Several years ago, when her father was dying, Beryl Torthe came across The Other Side of Sadness: What the New Science of Bereavement Tells Us About Life After Loss, the groundbreaking book by Teachers College psychologist George Bonanno that challenges traditional understanding of how people respond to loss and trauma.

“The main idea was that power can come from grief,” says Torthe (pronounced TOR-tay), now a first-year master’s degree student in TC’s Clinical Psychology program. “It’s easy to say that grief is a terrible thing and a terrible event, but the dialogue around grief doesn’t always focus on what can be gained through it.”

Torthe’s own story is testimony to the truth of that idea.

Growing up in South Africa, where the academic and career arcs of young people are, for the most part, dictated by the outcomes of tests given in early high school, Torthe assumed she would work in business and finance. She chose to attend Alfred University, in upstate New York, because “I was looking for a liberal arts school in the U.S., and Alfred was listed, alphabetically, among the top five.”

But when her father was diagnosed with pancreatic cancer during her sophomore year, Torthe left school and returned home to Pretoria. There, watching him battle the disease and assisting in his care, she began to question her direction in life. “My studies suddenly seemed superficial – I felt it wasn’t answering any tough questions.”

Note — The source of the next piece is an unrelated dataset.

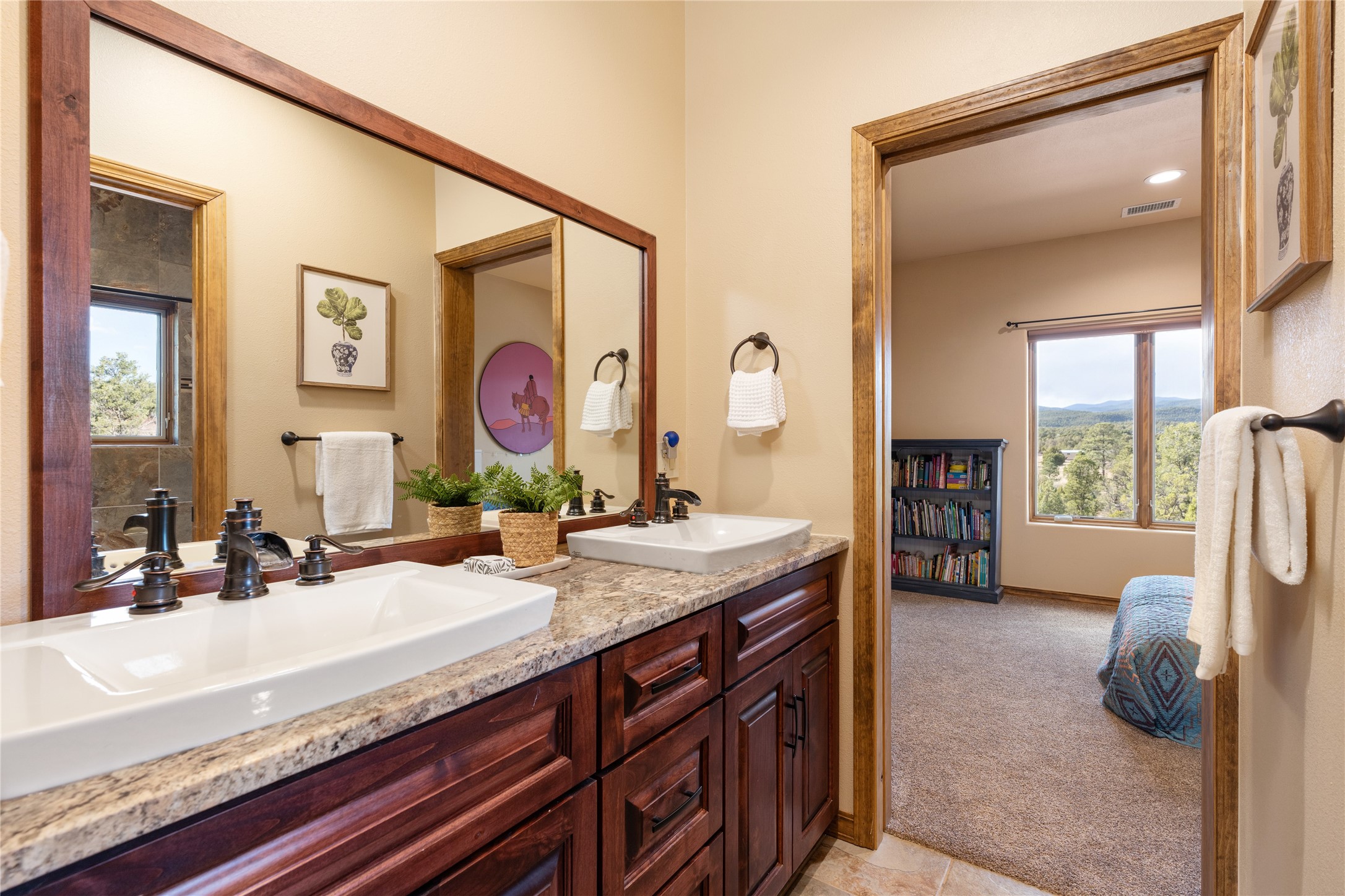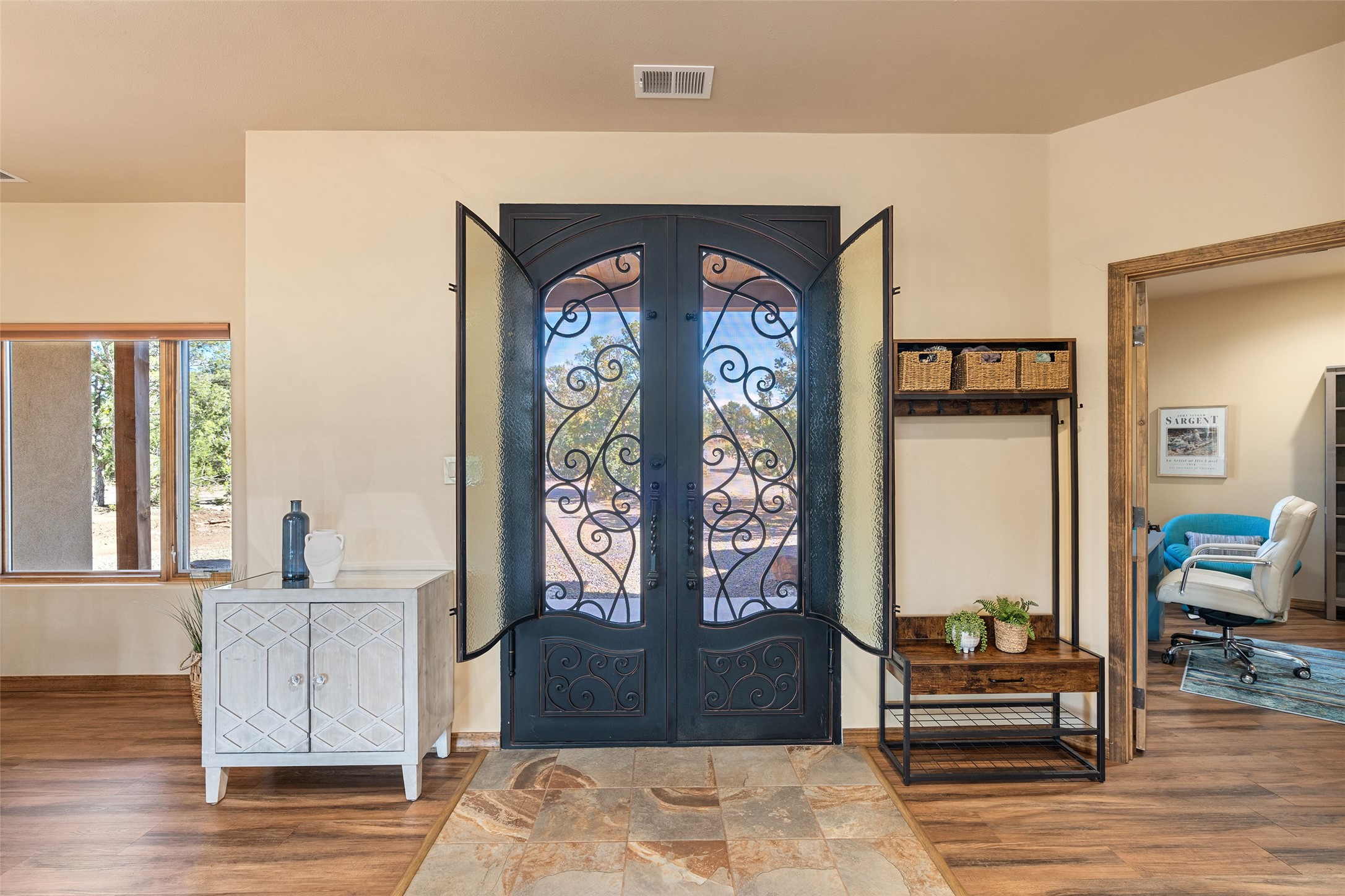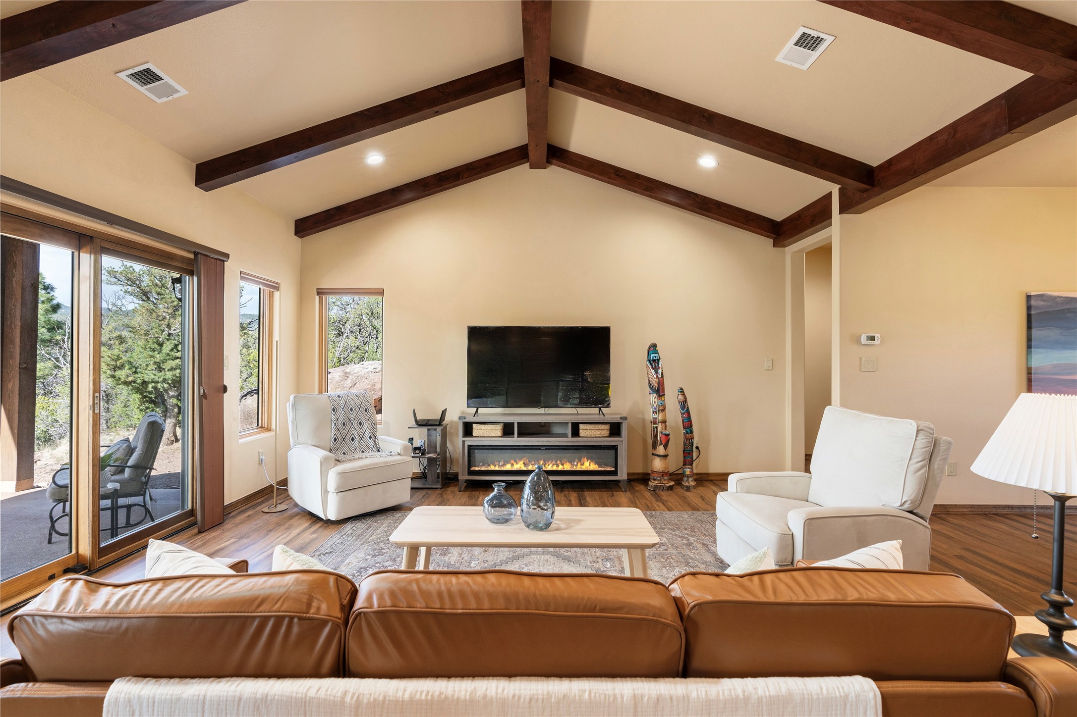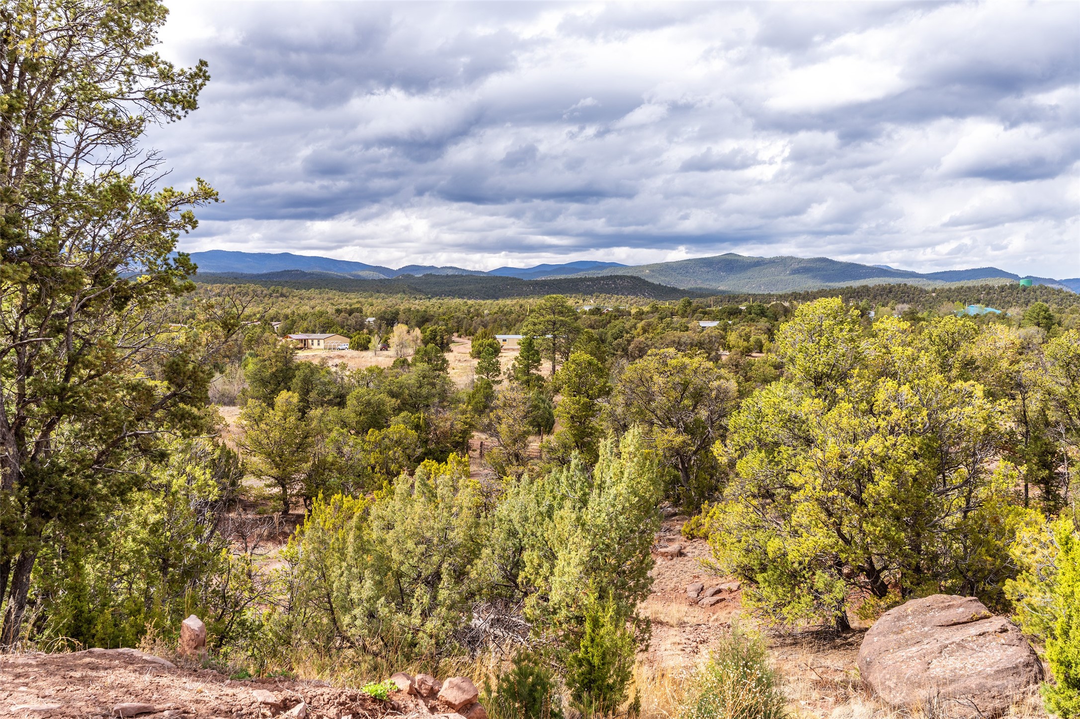 Built in 2021, this beautiful Pecos retreat is the perfect blend of modern comfort and cabin-like living with easy access to the amenities of Santa Fe and the Pecos Wilderness for outdoor enthusiasts. Located directly off of a county-maintained road, this is ideal for year-round living. Designed for both everyday living and entertaining, the open-concept kitchen features soft-close cabinetry, a large pantry and an Elmira Stove Works retro-inspired gas and electric range with convection oven. The spacious living room showcases vaulted ceilings with wood beams and opens to a covered rear portal perfect for taking in the surrounding scenery and enjoying the clear, starry night skies. The split floor plan provides excellent privacy. The generous primary suite includes a luxurious ensuite bath with dual vanities, granite counters, a custom tiled shower, two walk-in closets with built-ins, and separate commode areas. On the opposite side of the home, two well-sized guest bedrooms, one with dual walk-in closets, share a Jack-and-Jill bath with double sinks and granite finishes.Additional highlights include a spacious office with French doors, a finished 2-car garage with overhead storage and direct entry into a large laundry room, Pella windows and doors, forced air heating with central refrigerated A/C, a pitched pro-panel roof, tankless hot water heater, and a whole-house water softener. Serviced by Village of Pecos water and sewer, Mora-San Miguel Electric, and propane gas, this thoughtfully designed property offers comfort, functionality, and stunning views in a peaceful setting.

Things came to a head one day when Torthe accompanied her father to a post-operative treatment center.

“We were in a chemotherapy session and I watched as a man sitting near us, obviously very sick and connected to all sorts of wires and tubes, got up from his chair, untethered himself and went outside to light up a cigarette – while he was getting chemotherapy! It was a defining moment for me. I wanted to know why people behave the way they do and about the choices they make.”

Returning to Alfred following her father’s death, Torthe declared a new major: psychology.

“The transition was wonderful,” she says. “The beauty of psychology is that you never have answers to all the questions. There is no spreadsheet that quantifies psychology. It is just an endless journey of asking questions. And I’ve always said, ‘If you can’t answer all the questions, then you’ve found the right spot.’”

Also while at Alfred, Torthe took and passed New York’s Emergency Medical Technician exam and joined a volunteer Allegany County ambulance squad. For her senior honors thesis, she interviewed more than 100 professional and volunteer emergency medical technicians and found that these workers, who save lives every day, are far more likely to have signed a Do Not Resuscitate (DNR) order than people in the general population.

“It’s easy to say that grief is a terrible thing and a terrible event, but the dialogue around grief doesn’t always focus on what can be gained through it.”

—Beryl Torthe

“Doing CPR to save lives is kind of glamorized on TV, but when you see it up close, the reality is often about frail, older people sustaining broken ribs from chest compression or being brought back from the brink to continue living with terrible illnesses,” she says.

Torthe graduated at the top of her class in 2018, serving as valedictorian at Alfred’s convocation and, inspired by Bonanno’s book, enrolled this past fall at TC. During her first year, she’s worked as a Graduate Assistant in the collaborative (NYU and Columbia) Culture, Stigma and Psychosis lab, helping with research on stigmatized populations in China and Botswana. But she’s already pretty sure that she wants to focus her studies, and possibly her career, on thanatology, the field that concerns itself with death and loss. Her goal is to take courses with Bonanno, who directs TC’s Loss, Trauma & Emotion Lab as well as the College’s Resilience Center for Veterans & Families.    

“It’s a quirky coincidence that a book I read during a tough time was actually written by a faculty member at Teachers College,” she says.

Bonanno might say that tough times are what you make of them. Meanwhile, for Torthe, that kind of unexplainable convergence is just another confirmation that she has indeed come to the right spot.